Gene regulatory mechanisms underlying sex- and age-dependent pathophysiology of MASLD.

MASLD affects nearly one-quarter of adults globally and is the most common chronic liver disease worldwide.

• Prevalence is driven by rising rates of obesity associated with sedentary lifestyles, high-caloric Western diets, and population aging.
• Early-stage MASLD characterized by simple steatosis is largely reversible.
• Progression to MASH is marked by inflammation, hepatocyte injury, and fibrosis.
• MASH poses a risk for development of cirrhosis and hepatocellular carcinoma.

Sex dimorphism in gene expression markedly shapes MASLD susceptibility and progression.

• Sex differences are largely mediated by the interplay of sex chromosome-linked genes, hormonal cues, and their downstream regulatory networks.
• These transcriptional programs drive divergent metabolic and nutrient stress responses that ultimately influence disease trajectory.
• The review integrates findings from animal models, human studies, and multi-omics datasets.
• Sex-dependent transcriptional regulation influences lipid metabolism, inflammation, fibrogenesis, and nutrient-stress responses.

The liver maintains systemic energy homeostasis through dynamic, nutrient-responsive transcriptional programs.

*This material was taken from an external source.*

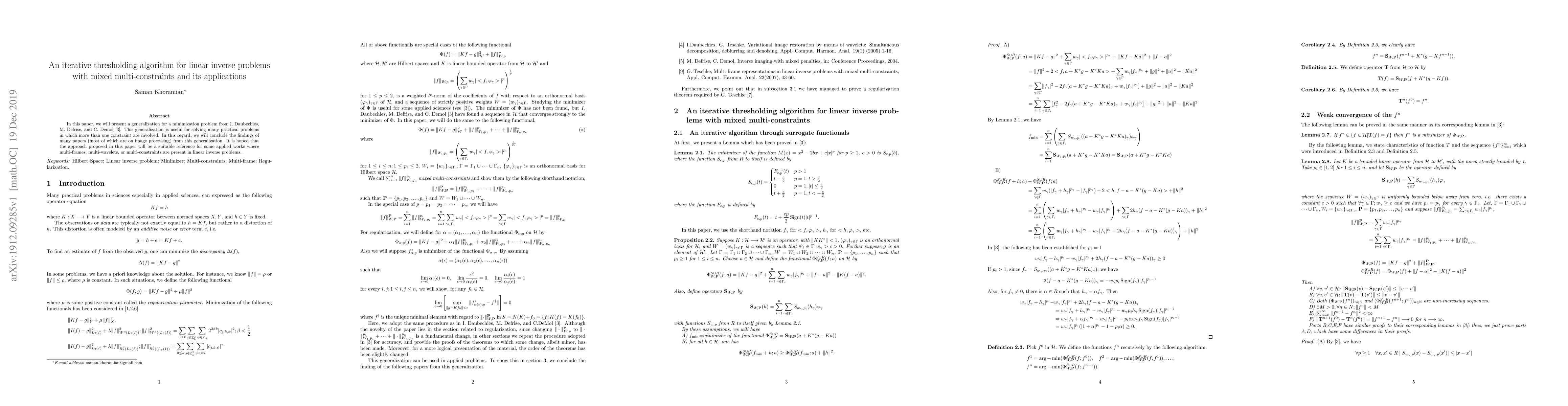 This paper proposes an iterative thresholding algorithm for solving linear inverse problems with multiple constraints, offering a generalization of existing methods for applications involving multi-frames, wavelets, or multiple constraints.

• These programs regulate gluconeogenesis, lipid storage, fatty acid oxidation, and detoxification.
• Gene expression profiles change significantly between fed and fasted states to respond to nutritional cues.
• Disruption of these nutrient-responsive programs contributes to MASLD pathophysiology.
• Both sex and age influence these transcriptional regulatory mechanisms.

Age-dependent transcriptional regulation in the liver influences MASLD development alongside sex-dependent mechanisms.

• The review synthesizes current knowledge on both sex- and age-dependent transcriptional regulation in the liver.
• Population aging is identified as a driver of the escalating prevalence of MASLD.
• Age interacts with sex-linked transcriptional programs to shape disease susceptibility and progression.
• Understanding these age-related gene expression differences is considered essential for developing more precise and effective therapeutic strategies.

Understanding sex- and age-dependent gene expression differences is identified as essential for developing more precise and effective therapeutic strategies for MASLD.

• Current therapeutic approaches may be limited by insufficient accounting for sex- and age-based transcriptional variation.
• Multi-omics datasets are highlighted as an important resource for integrating findings across animal models and human studies.
• The review calls for synthesis of knowledge on how divergent transcriptional programs influence lipid metabolism, inflammation, fibrogenesis, and nutrient-stress responses.
• The goal is development of more precise therapeutic strategies based on mechanistic understanding of gene regulatory differences.